Testing Spring Web Controllers with @WebMvcTest

@WebMvcTest is specifically designed for testing Spring MVC controllers. It auto-configures Spring MVC infrastructure and limits the beans to only the web layer components (e.g., controllers, @ControllerAdvice, WebMvcConfigurer implementations). You typically use it with MockMvc to simulate HTTP requests.

java
import org.junit.jupiter.api.Test;
import org.springframework.beans.factory.annotation.Autowired;
import org.springframework.boot.test.autoconfigure.web.servlet.WebMvcTest;
import org.springframework.boot.test.mock.mockito.MockBean;
import org.springframework.test.web.servlet.MockMvc;

import static org.mockito.Mockito.when;
import static org.springframework.test.web.servlet.request.MockMvcRequestBuilders.get;
import static org.springframework.test.web.servlet.result.MockMvcResultMatchers.content;
import static org.springframework.test.web.servlet.result.MockMvcResultMatchers.status;

// Assume a simple controller and a service dependency
@RestController
class MyController {
    private final MyService myService;

    public MyController(MyService myService) {
        this.myService = myService;
    }

    @GetMapping("/api/data/{id}")
    public String getData(@PathVariable String id) {
        return myService.getData(id);
    }
}

@WebMvcTest(MyController.class)
class MyControllerUnitTest {

    @Autowired
    private MockMvc mockMvc;

    @MockBean // This mocks MyService for the controller
    private MyService myService;

    @Test
    void testGetDataEndpoint() throws Exception {
        when(myService.getData("1")).thenReturn("Service Result for 1");

        mockMvc.perform(get("/api/data/1"))
                .andExpect(status().isOk())
                .andExpect(content().string("Service Result for 1"));
    }
}

Testing JPA Repositories with @DataJpaTest

@DataJpaTest is used to test JPA applications.
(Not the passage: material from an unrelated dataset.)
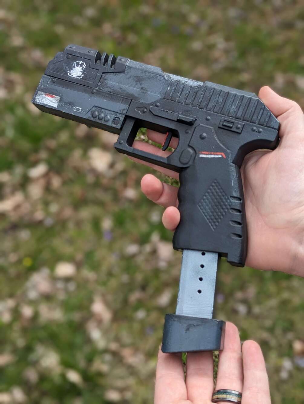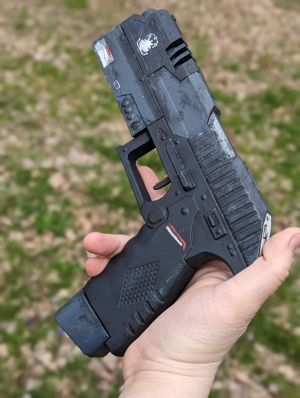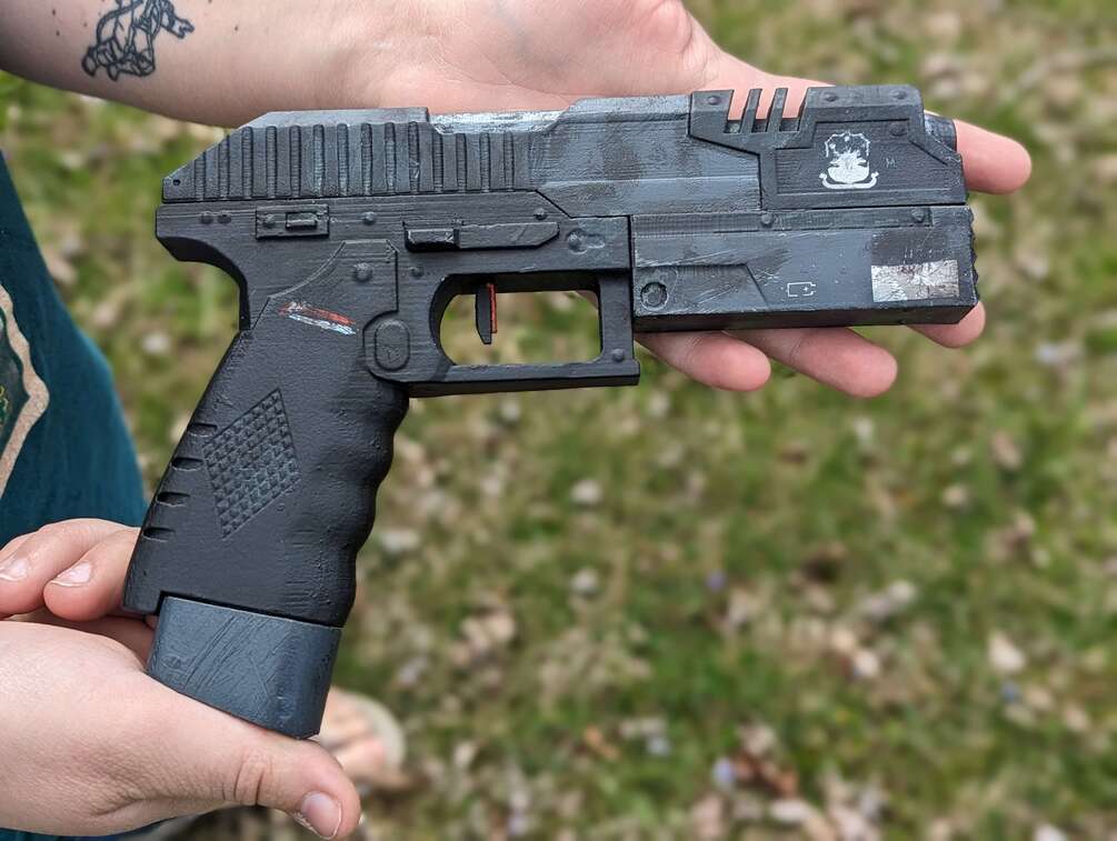For purchase here is a handmade and hand-painted pistol from Titanfall 2! This prop is 3d printed finished and painted by yours truly! This prop is available in multiple variations to fit your every need, and a parts kit if you are looking to create your custom one but don't have a 3d Printer! This replica is as close to accurate to the real deal as possible, and the size should fit just right! Each is made to order, and they come out as quick as possible!

By default, it will configure an in-memory embedded database, scan for @Entity classes, and configure Spring Data JPA repositories. It's useful for verifying repository queries and mappings without loading the entire application context.

java
import org.junit.jupiter.api.Test;
import org.springframework.beans.factory.annotation.Autowired;
import org.springframework.boot.test.autoconfigure.orm.jpa.DataJpaTest;
import org.springframework.boot.test.autoconfigure.orm.jpa.TestEntityManager;

import static org.junit.jupiter.api.Assertions.assertEquals;
import static org.junit.jupiter.api.Assertions.assertNotNull;
import static org.junit.jupiter.api.Assertions.assertTrue;

// Assume a simple Entity and Repository
@Entity
class MyEntity {
    @Id @GeneratedValue
    private Long id;
    private String name;

    // Getters, Setters, Constructors
}

interface MyEntityRepository extends JpaRepository<MyEntity, Long> {
    Optional<MyEntity> findByName(String name);
}

@DataJpaTest
class MyEntityRepositoryUnitTest {

    @Autowired
    private TestEntityManager entityManager;

    @Autowired
    private MyEntityRepository repository;

    @Test
    void testSaveAndFindEntity() {
        MyEntity entity = new MyEntity();
        entity.setName("Test Name");
        entityManager.persist(entity);
        entityManager.flush();

        Optional<MyEntity> found = repository.findByName("Test Name");

        assertTrue(found.isPresent());
        assertEquals("Test Name", found.get().getName());
    }
}

Best Practices for Unit Testing

  • Isolate Units: A true unit test should test a single class in isolation. Use mocks for all its dependencies.
  • Fast Execution: Unit tests should run quickly. Avoid loading the full Spring context unless absolutely necessary for integration.
  • Deterministic Results: Tests should always produce the same result, regardless of the order or environment.
  • Descriptive Test Names: Name your tests clearly, indicating what scenario is being tested and what the expected outcome is.
  • Arrange-Act-Assert: Structure your tests into three phases: set up the test data and mocks (Arrange), execute the code under test (Act), and verify the results (Assert).